简体繁体 English

归档 AWS RDS mysql 数据库

[英]Archiving AWS RDS mysql Database

原文 2020-01-29 07:07:14 3 2 mysql/ amazon-web-services/ amazon-s3/ amazon-rds/ amazon-glacier

I am looking for options to archive my old data from specific tables of an AWS RDS MySQL database.我正在寻找从 AWS RDS MySQL 数据库的特定表中存档我的旧数据的选项。 I came across AWS S3, AWS Glacier and copy the data to either one using some Pipelines or Buckets, but from what I understood they copy the data to vault or backups the data, but don't move them.我遇到了 AWS S3、AWS Glacier 并使用一些管道或存储桶将数据复制到其中之一，但据我所知，他们将数据复制到保管库或备份数据，但不移动它们。

Is there a proper option to archive the data by moving from RDS to S3 or Glacier or Deep Archive?是否有通过从 RDS 移动到 S3 或 Glacier 或 Deep Archive 来存档数据的正确选项？ ie, deleting from the table in AWS RDS after creating an archive.即，在创建存档后从 AWS RDS 中的表中删除。 What would be the best option for the archival process with my requirements and would it affect the replicas that already exist?符合我的要求的存档过程的最佳选择是什么，它会影响已经存在的副本吗？

2 个解决方案

The biggest consideration when "archiving" the data is ensuring that it is in a useful format should you every want it back again. “归档”数据时最大的考虑是确保它是一种有用的格式，如果你想要它再次回来。

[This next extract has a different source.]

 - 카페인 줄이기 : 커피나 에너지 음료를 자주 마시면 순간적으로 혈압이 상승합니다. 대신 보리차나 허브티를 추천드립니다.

Amazon RDS recently added that ability to export RDS snapshot data to Amazon S3 . Amazon RDS 最近添加了将 RDS 快照数据导出到 Amazon S3 的功能。

Thus, the flow could be:因此，流程可能是：

Create a snapshot of the Amazon RDS database创建Amazon RDS 数据库的快照
Export the snapshot to Amazon S3 as a Parquet file (you can choose to export specific sets of databases, schemas, or tables)将快照作为 Parquet 文件导出到 Amazon S3（您可以选择导出特定的数据库、架构或表集）
Set the Storage Class on the exported file as desired (eg Glacier Deep Archive)根据需要在导出的文件上设置存储类（例如 Glacier Deep Archive）
Delete the data from the source database (make sure you keep a Snapshot or test the Export before deleting the data!)从源数据库中删除数据（确保在删除数据之前保留快照或测试导出！）

When you later wish to access the data:当您稍后希望访问数据时：

Restore the data if necessary (based upon Storage Class)必要时恢复数据（基于存储类）
Use Amazon Athena to query the data directly from Amazon S3使用 Amazon Athena 直接从 Amazon S3查询数据

Recently I did build a similar pipeline using AWS lambda that runs on a cron schedule(Cloudwatch event) every month to take a manual snapshot of the RDS, export it to S3, and delete the records that are older than n days最近我确实使用 AWS lambda 构建了一个类似的管道，该管道每月按 cron 计划（Cloudwatch 事件）运行，以手动拍摄 RDS 快照，将其导出到 S3，并删除超过 n 天的记录

I added a gist of the util class that I used, adding it here if it helps anyone JS Util class to create and export Db snapshots to S3我添加了我使用的 util 类的要点，如果它可以帮助任何人JS Util 类创建并将 Db 快照导出到 S3，则将其添加到此处

PS: I just wanted to add it as a comment to the approved answer but don't have enough reputations for that. PS：我只是想将其添加为已批准答案的评论，但没有足够的声誉。